ASSIGNMENT - Pictures stay out of this copy; please retype only the lines from the start of the records through the line with "Men's Bracelets Set".
[Opening LISTED ENTRIES section]
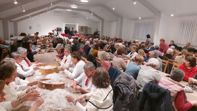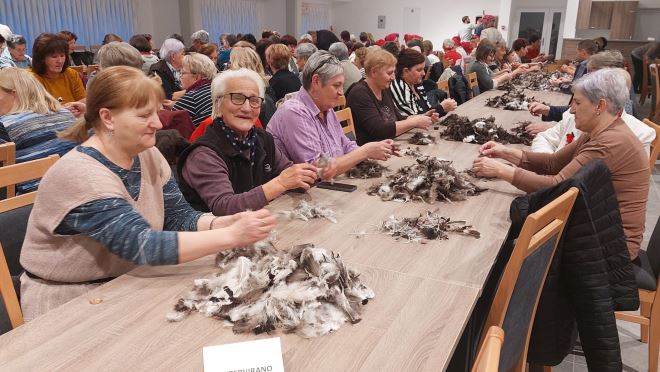 Brojne sudionice prisjetile su se tako ovog običaja koji se nekad provodio u brojnim zagorskim kućama. Kratile su se tako duge zimske večeri, ali ujedno i obavljao vrlo važan posao, pogotovo u onim kućama koje su imale cure za udaju, a kojima je kao dio miraza trebalo pripremiti jastuke i poplune od perja.
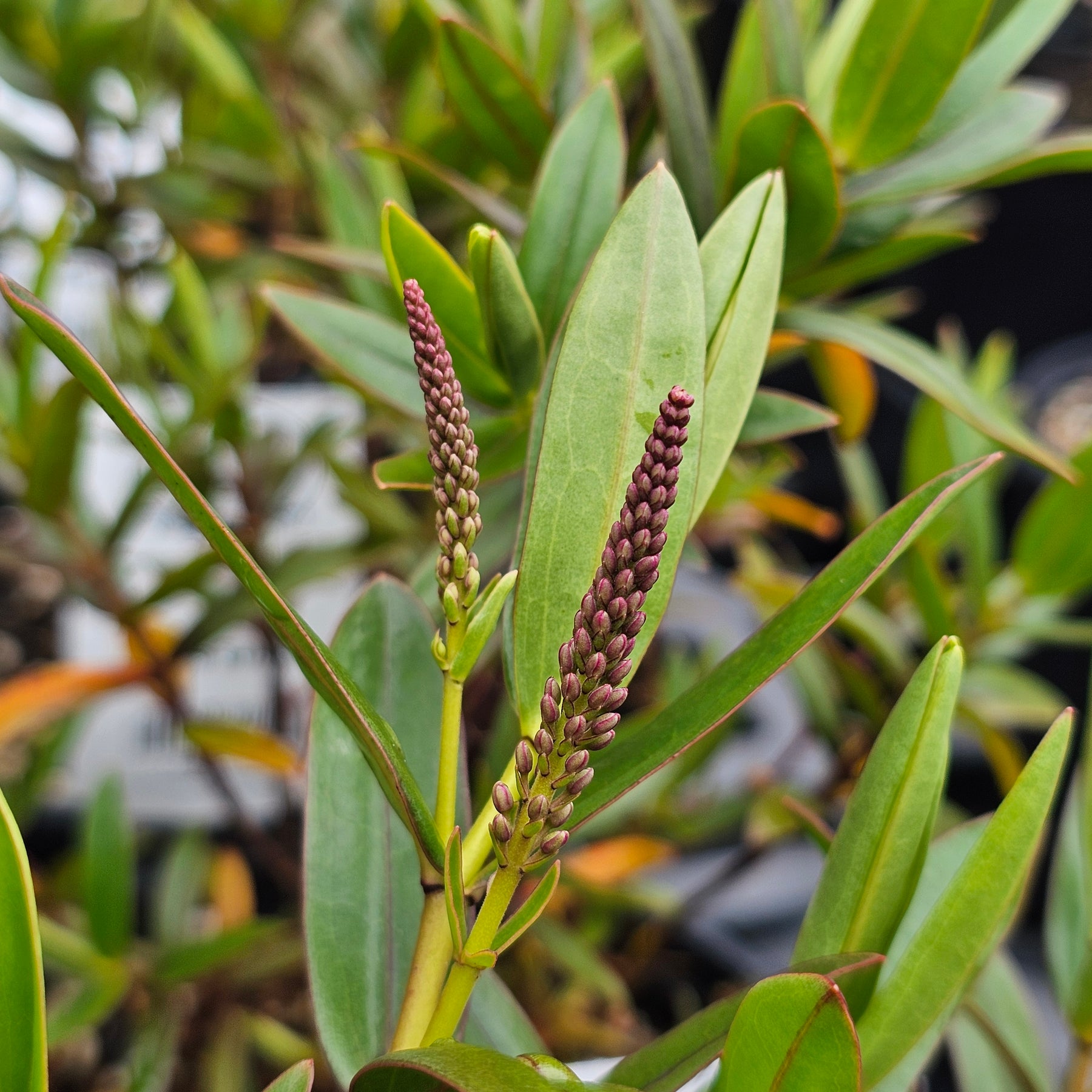 Hebe 'Icing Sugar' is known for its distinctive, slender, and pointed leaves, which emerge a vibrant lime green, maturing to a rich, glossy dark green.
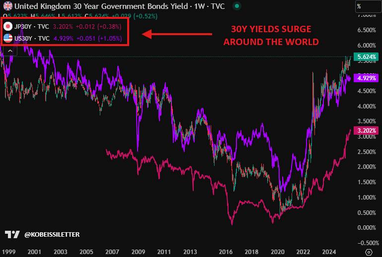 The implications of this yield spike extend beyond Japan. In the United States, 30-year yields are on track to breach the 5.00% mark, following closely behind the UK’s turbulent bond market. As governments face mounting deficits, experts warn that fiscal challenges are intensifying, leading to a potential crisis in bond markets.
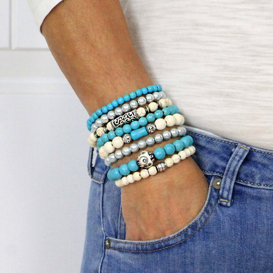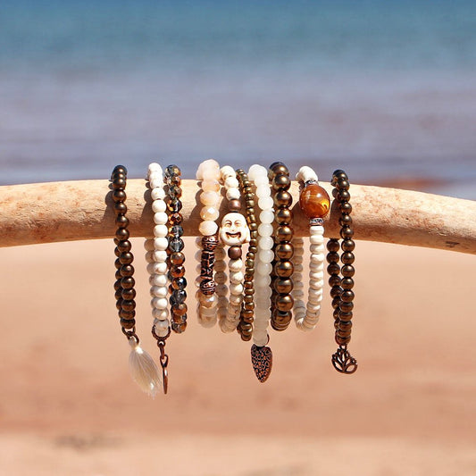 Men's Bracelets Set of 3 Beaded Stretch Bracelets Buddha Yoga Stack - M5
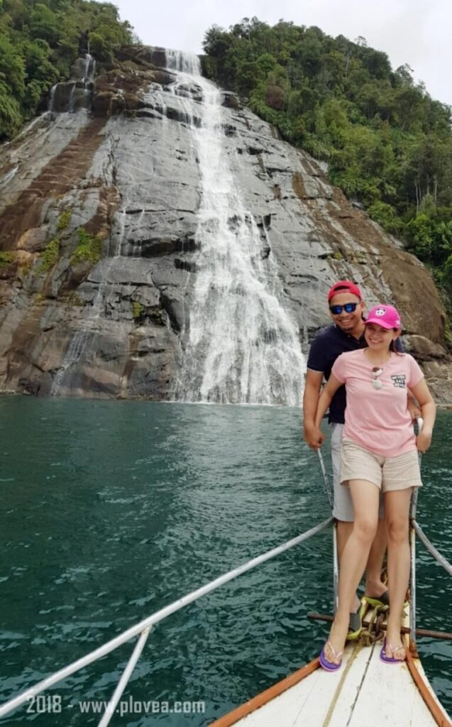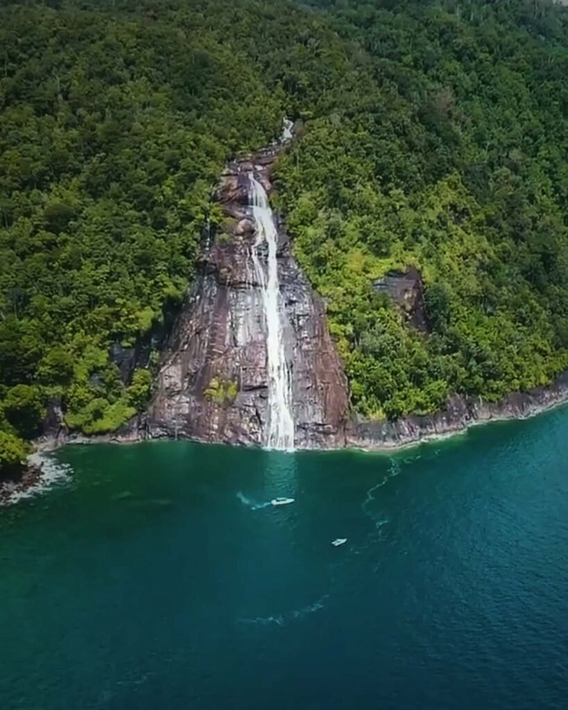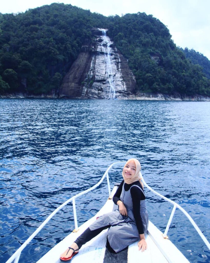Ada yang unik yang dijumpai di pulau iniyakni sebuah air terjun yang langsung airnya terjun langsung ke permukaan air laut.
[Closing LISTED ENTRIES section]
ANSWER TO THIS PROBLEM -
 Brojne sudionice prisjetile su se tako ovog običaja koji se nekad provodio u brojnim zagorskim kućama. Kratile su se tako duge zimske večeri, ali ujedno i obavljao vrlo važan posao, pogotovo u onim kućama koje su imale cure za udaju, a kojima je kao dio miraza trebalo pripremiti jastuke i poplune od perja.
 Hebe 'Icing Sugar' is known for its distinctive, slender, and pointed leaves, which emerge a vibrant lime green, maturing to a rich, glossy dark green.
 The implications of this yield spike extend beyond Japan. In the United States, 30-year yields are on track to breach the 5.00% mark, following closely behind the UK’s turbulent bond market. As governments face mounting deficits, experts warn that fiscal challenges are intensifying, leading to a potential crisis in bond markets.
 Men's Bracelets Set of 3 Beaded Stretch Bracelets Buddha Yoga Stack - M5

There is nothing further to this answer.